5-13-19 - Separation Anxiety

(You can listen to this reflection here. Sunday's gospel reading is here.
And I see that this is my 1500th Water Daily post - thank you for being a part of this far-flung community of readers, listeners, responders, fellow travelers and saints of God!)

Nobody likes to be left, not even Jesus’ disciples. In our Eastertide lectionary travels we’re back to the night Jesus was arrested. He says a lengthy farewell to his friends in the upper room where they have just had supper. He has washed their feet, and said strange things about the bread and wine, and predicted that one of them would betray him. Judas has just left to do that. Now Jesus has still more to say to his followers before they go out into the Garden of Gethsemane.

He says something rather opaque about glorifying and being glorified, but the next part is painfully clear: "Little children, I am with you only a little longer. You will look for me; and as I said to the Jews so now I say to you, 'Where I am going, you cannot come.'" 


I think of a child wailing, “Wanna come with! Wanna come with!” as his parents gently but firmly explain why he cannot join them for work or an evening out. “Where I am going, you cannot come.” But a parent usually adds, “I’ll be home later.” Jesus tells his disciples the worst: “I am with you only a little longer.” And soon he would be gone, gone, gone… and then mysteriously back, but not in the same way. Never again in the same way.

The movement of God is always forward, not back. The mystery of God is One in unity, yet Three distinct persons. And one of the mysteries we live with as followers of the risen and ascended Christ is being separate from him, yet mystically united with him.
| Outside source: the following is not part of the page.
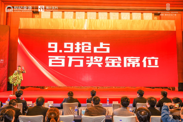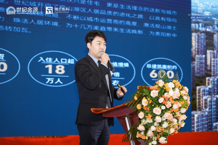 源筑·贵州文化广场项目副总经理黄迅至现场致词,源筑·贵州文化广场是世纪金源在贵阳主城倾力打造的标杆项目,也是集团布局西南的战略性项目,更是贵州省重点工程、省十大文化产业基地,承担着城市发展和文化焕新的重任,肩负城市人居变革的重要使命。对此,世纪金源集团高度重视项目建设和销售人才培养,力促与各卓越渠道建立合作共赢的战略关系,塑造营销之魂,再创辉煌业绩!

We claim his life lives in us through the Spirit, yet when we pray, it is to an Other distinct from us.

The disciples had to get used to Jesus’ absence. We have a different challenge: to become used to his presence, real though not embodied. For when Jesus made his final departure in bodily form, he promised that his Father would send his Spirit to his followers, that he would be with them through his Spirit.
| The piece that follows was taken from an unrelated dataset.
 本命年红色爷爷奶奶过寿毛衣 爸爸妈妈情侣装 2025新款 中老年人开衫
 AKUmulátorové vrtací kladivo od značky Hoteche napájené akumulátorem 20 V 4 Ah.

Children learning to deal with separation from parents are often given a “transitional object,” a blanket or toy or stuffed animal that carries some of the presence of the parent and eases the separating process. Christ-followers are given what we might call the ultimate in transitional objects, the Spirit of the Holy God to fill us, surround us, comfort us, empower us – and remind us that God will never leave us or forsake us.

Separation anxiety is real, and affects us in varying degrees relative to our experiences in early childhood. But in the spiritual life, the Life we live in God’s realm, Jesus is always here, always present. Not only is he never leaving again; he wants us to come out and play.